Please give the listing again, word for word, with nothing left out.
-=-=-=-=-
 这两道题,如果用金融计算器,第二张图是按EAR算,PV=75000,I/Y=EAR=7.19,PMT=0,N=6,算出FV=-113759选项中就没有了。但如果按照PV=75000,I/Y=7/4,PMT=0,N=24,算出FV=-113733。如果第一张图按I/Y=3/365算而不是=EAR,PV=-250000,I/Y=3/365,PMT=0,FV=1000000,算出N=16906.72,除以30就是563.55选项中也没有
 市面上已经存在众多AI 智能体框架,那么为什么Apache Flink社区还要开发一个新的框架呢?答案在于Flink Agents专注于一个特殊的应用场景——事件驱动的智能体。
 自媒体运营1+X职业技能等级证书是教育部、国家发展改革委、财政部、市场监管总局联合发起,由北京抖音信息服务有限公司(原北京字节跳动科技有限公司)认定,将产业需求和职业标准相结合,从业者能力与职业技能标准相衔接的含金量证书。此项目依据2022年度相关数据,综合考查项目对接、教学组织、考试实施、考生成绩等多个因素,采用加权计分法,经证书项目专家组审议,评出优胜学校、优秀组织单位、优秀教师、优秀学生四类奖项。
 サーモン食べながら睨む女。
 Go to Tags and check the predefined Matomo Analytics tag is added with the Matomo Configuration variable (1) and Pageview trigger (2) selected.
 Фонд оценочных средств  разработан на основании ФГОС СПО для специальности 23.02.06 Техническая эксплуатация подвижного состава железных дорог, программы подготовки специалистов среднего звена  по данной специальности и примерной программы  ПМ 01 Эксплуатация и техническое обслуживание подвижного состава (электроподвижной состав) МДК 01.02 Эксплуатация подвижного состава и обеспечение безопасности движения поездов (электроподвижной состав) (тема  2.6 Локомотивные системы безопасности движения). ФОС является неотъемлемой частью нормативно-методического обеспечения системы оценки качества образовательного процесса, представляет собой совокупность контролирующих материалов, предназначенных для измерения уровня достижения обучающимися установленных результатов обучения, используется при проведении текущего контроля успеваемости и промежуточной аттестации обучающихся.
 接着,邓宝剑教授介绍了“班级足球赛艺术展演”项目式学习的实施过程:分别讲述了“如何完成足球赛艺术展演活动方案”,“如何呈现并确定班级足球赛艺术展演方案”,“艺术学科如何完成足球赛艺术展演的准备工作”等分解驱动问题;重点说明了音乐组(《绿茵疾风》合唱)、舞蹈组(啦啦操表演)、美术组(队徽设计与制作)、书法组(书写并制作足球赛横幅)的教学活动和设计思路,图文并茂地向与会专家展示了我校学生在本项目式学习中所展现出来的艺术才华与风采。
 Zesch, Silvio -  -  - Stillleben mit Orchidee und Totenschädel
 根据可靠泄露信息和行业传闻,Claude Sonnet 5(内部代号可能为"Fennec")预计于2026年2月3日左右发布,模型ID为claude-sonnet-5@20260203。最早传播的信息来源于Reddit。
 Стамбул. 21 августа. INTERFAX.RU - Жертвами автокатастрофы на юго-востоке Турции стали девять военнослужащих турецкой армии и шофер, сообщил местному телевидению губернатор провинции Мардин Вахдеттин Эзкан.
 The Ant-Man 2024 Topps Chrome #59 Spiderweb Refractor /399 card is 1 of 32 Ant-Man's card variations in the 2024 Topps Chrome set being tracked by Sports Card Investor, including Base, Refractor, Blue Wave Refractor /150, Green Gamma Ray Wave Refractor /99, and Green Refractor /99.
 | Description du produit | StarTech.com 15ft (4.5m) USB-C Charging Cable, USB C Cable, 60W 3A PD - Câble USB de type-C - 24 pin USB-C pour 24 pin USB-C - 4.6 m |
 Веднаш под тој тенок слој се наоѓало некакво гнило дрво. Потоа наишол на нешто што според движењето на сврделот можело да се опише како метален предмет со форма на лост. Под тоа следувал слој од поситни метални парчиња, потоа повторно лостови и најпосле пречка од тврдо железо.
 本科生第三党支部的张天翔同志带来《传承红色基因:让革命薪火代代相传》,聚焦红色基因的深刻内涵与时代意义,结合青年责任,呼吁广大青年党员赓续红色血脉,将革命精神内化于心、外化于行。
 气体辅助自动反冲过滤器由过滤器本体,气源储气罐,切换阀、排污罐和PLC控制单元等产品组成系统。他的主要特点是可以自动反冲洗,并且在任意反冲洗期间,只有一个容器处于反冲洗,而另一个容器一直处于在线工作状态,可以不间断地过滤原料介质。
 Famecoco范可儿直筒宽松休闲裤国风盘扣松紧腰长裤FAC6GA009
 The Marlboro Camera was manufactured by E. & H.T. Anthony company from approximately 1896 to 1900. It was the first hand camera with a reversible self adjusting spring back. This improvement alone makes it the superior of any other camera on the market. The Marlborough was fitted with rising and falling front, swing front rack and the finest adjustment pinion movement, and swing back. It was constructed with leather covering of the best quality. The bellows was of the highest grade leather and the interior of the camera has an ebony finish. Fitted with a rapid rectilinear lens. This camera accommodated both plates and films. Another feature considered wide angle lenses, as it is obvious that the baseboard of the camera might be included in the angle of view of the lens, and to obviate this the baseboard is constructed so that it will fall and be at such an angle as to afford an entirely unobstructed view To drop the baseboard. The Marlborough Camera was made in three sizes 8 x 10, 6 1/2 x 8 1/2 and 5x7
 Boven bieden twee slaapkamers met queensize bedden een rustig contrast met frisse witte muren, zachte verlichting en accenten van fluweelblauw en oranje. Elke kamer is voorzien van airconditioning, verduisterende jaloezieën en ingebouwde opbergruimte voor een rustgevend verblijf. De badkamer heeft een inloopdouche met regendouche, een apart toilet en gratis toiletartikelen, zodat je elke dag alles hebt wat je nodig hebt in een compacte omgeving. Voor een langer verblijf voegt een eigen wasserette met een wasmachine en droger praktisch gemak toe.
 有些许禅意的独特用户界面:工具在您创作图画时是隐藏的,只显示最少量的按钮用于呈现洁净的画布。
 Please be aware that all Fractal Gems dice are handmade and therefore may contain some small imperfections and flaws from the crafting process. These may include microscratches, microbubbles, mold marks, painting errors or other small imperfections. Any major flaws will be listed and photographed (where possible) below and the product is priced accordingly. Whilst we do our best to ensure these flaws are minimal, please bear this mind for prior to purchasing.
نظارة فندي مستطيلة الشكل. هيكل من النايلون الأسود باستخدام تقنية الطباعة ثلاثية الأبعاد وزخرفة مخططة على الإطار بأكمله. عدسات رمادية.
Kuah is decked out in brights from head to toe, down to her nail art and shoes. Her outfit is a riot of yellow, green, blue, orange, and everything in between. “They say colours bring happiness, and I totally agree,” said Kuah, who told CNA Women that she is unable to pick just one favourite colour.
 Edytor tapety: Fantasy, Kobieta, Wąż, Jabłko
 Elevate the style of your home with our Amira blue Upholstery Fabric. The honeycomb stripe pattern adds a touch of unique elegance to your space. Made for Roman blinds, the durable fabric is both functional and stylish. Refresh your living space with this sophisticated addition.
-=-=-=-=-
* ANSWER SECTION
 这两道题,如果用金融计算器,第二张图是按EAR算,PV=75000,I/Y=EAR=7.19,PMT=0,N=6,算出FV=-113759选项中就没有了。但如果按照PV=75000,I/Y=7/4,PMT=0,N=24,算出FV=-113733。如果第一张图按I/Y=3/365算而不是=EAR,PV=-250000,I/Y=3/365,PMT=0,FV=1000000,算出N=16906.72,除以30就是563.55选项中也没有
 市面上已经存在众多AI 智能体框架,那么为什么Apache Flink社区还要开发一个新的框架呢?答案在于Flink Agents专注于一个特殊的应用场景——事件驱动的智能体。
 自媒体运营1+X职业技能等级证书是教育部、国家发展改革委、财政部、市场监管总局联合发起,由北京抖音信息服务有限公司(原北京字节跳动科技有限公司)认定,将产业需求和职业标准相结合,从业者能力与职业技能标准相衔接的含金量证书。此项目依据2022年度相关数据,综合考查项目对接、教学组织、考试实施、考生成绩等多个因素,采用加权计分法,经证书项目专家组审议,评出优胜学校、优秀组织单位、优秀教师、优秀学生四类奖项。
 サーモン食べながら睨む女。
 Go to Tags and check the predefined Matomo Analytics tag is added with the Matomo Configuration variable (1) and Pageview trigger (2) selected.
 Фонд оценочных средств  разработан на основании ФГОС СПО для специальности 23.02.06 Техническая эксплуатация подвижного состава железных дорог, программы подготовки специалистов среднего звена  по данной специальности и примерной программы  ПМ 01 Эксплуатация и техническое обслуживание подвижного состава (электроподвижной состав) МДК 01.02 Эксплуатация подвижного состава и обеспечение безопасности движения поездов (электроподвижной состав) (тема  2.6 Локомотивные системы безопасности движения). ФОС является неотъемлемой частью нормативно-методического обеспечения системы оценки качества образовательного процесса, представляет собой совокупность контролирующих материалов, предназначенных для измерения уровня достижения обучающимися установленных результатов обучения, используется при проведении текущего контроля успеваемости и промежуточной аттестации обучающихся.
 接着,邓宝剑教授介绍了“班级足球赛艺术展演”项目式学习的实施过程:分别讲述了“如何完成足球赛艺术展演活动方案”,“如何呈现并确定班级足球赛艺术展演方案”,“艺术学科如何完成足球赛艺术展演的准备工作”等分解驱动问题;重点说明了音乐组(《绿茵疾风》合唱)、舞蹈组(啦啦操表演)、美术组(队徽设计与制作)、书法组(书写并制作足球赛横幅)的教学活动和设计思路,图文并茂地向与会专家展示了我校学生在本项目式学习中所展现出来的艺术才华与风采。
 Zesch, Silvio -  -  - Stillleben mit Orchidee und Totenschädel
 根据可靠泄露信息和行业传闻,Claude Sonnet 5(内部代号可能为"Fennec")预计于2026年2月3日左右发布,模型ID为claude-sonnet-5@20260203。最早传播的信息来源于Reddit。
 Стамбул. 21 августа. INTERFAX.RU - Жертвами автокатастрофы на юго-востоке Турции стали девять военнослужащих турецкой армии и шофер, сообщил местному телевидению губернатор провинции Мардин Вахдеттин Эзкан.
 The Ant-Man 2024 Topps Chrome #59 Spiderweb Refractor /399 card is 1 of 32 Ant-Man's card variations in the 2024 Topps Chrome set being tracked by Sports Card Investor, including Base, Refractor, Blue Wave Refractor /150, Green Gamma Ray Wave Refractor /99, and Green Refractor /99.
 | Description du produit | StarTech.com 15ft (4.5m) USB-C Charging Cable, USB C Cable, 60W 3A PD - Câble USB de type-C - 24 pin USB-C pour 24 pin USB-C - 4.6 m |
 Веднаш под тој тенок слој се наоѓало некакво гнило дрво. Потоа наишол на нешто што според движењето на сврделот можело да се опише како метален предмет со форма на лост. Под тоа следувал слој од поситни метални парчиња, потоа повторно лостови и најпосле пречка од тврдо железо.
 本科生第三党支部的张天翔同志带来《传承红色基因:让革命薪火代代相传》,聚焦红色基因的深刻内涵与时代意义,结合青年责任,呼吁广大青年党员赓续红色血脉,将革命精神内化于心、外化于行。
 气体辅助自动反冲过滤器由过滤器本体,气源储气罐,切换阀、排污罐和PLC控制单元等产品组成系统。他的主要特点是可以自动反冲洗,并且在任意反冲洗期间,只有一个容器处于反冲洗,而另一个容器一直处于在线工作状态,可以不间断地过滤原料介质。
 Famecoco范可儿直筒宽松休闲裤国风盘扣松紧腰长裤FAC6GA009
 The Marlboro Camera was manufactured by E. & H.T. Anthony company from approximately 1896 to 1900. It was the first hand camera with a reversible self adjusting spring back. This improvement alone makes it the superior of any other camera on the market. The Marlborough was fitted with rising and falling front, swing front rack and the finest adjustment pinion movement, and swing back. It was constructed with leather covering of the best quality. The bellows was of the highest grade leather and the interior of the camera has an ebony finish. Fitted with a rapid rectilinear lens. This camera accommodated both plates and films. Another feature considered wide angle lenses, as it is obvious that the baseboard of the camera might be included in the angle of view of the lens, and to obviate this the baseboard is constructed so that it will fall and be at such an angle as to afford an entirely unobstructed view To drop the baseboard. The Marlborough Camera was made in three sizes 8 x 10, 6 1/2 x 8 1/2 and 5x7
 Boven bieden twee slaapkamers met queensize bedden een rustig contrast met frisse witte muren, zachte verlichting en accenten van fluweelblauw en oranje. Elke kamer is voorzien van airconditioning, verduisterende jaloezieën en ingebouwde opbergruimte voor een rustgevend verblijf. De badkamer heeft een inloopdouche met regendouche, een apart toilet en gratis toiletartikelen, zodat je elke dag alles hebt wat je nodig hebt in een compacte omgeving. Voor een langer verblijf voegt een eigen wasserette met een wasmachine en droger praktisch gemak toe.
 有些许禅意的独特用户界面:工具在您创作图画时是隐藏的,只显示最少量的按钮用于呈现洁净的画布。
 Please be aware that all Fractal Gems dice are handmade and therefore may contain some small imperfections and flaws from the crafting process. These may include microscratches, microbubbles, mold marks, painting errors or other small imperfections. Any major flaws will be listed and photographed (where possible) below and the product is priced accordingly. Whilst we do our best to ensure these flaws are minimal, please bear this mind for prior to purchasing.
نظارة فندي مستطيلة الشكل. هيكل من النايلون الأسود باستخدام تقنية الطباعة ثلاثية الأبعاد وزخرفة مخططة على الإطار بأكمله. عدسات رمادية.
Kuah is decked out in brights from head to toe, down to her nail art and shoes. Her outfit is a riot of yellow, green, blue, orange, and everything in between. “They say colours bring happiness, and I totally agree,” said Kuah, who told CNA Women that she is unable to pick just one favourite colour.
 Edytor tapety: Fantasy, Kobieta, Wąż, Jabłko
 Elevate the style of your home with our Amira blue Upholstery Fabric. The honeycomb stripe pattern adds a touch of unique elegance to your space. Made for Roman blinds, the durable fabric is both functional and stylish. Refresh your living space with this sophisticated addition.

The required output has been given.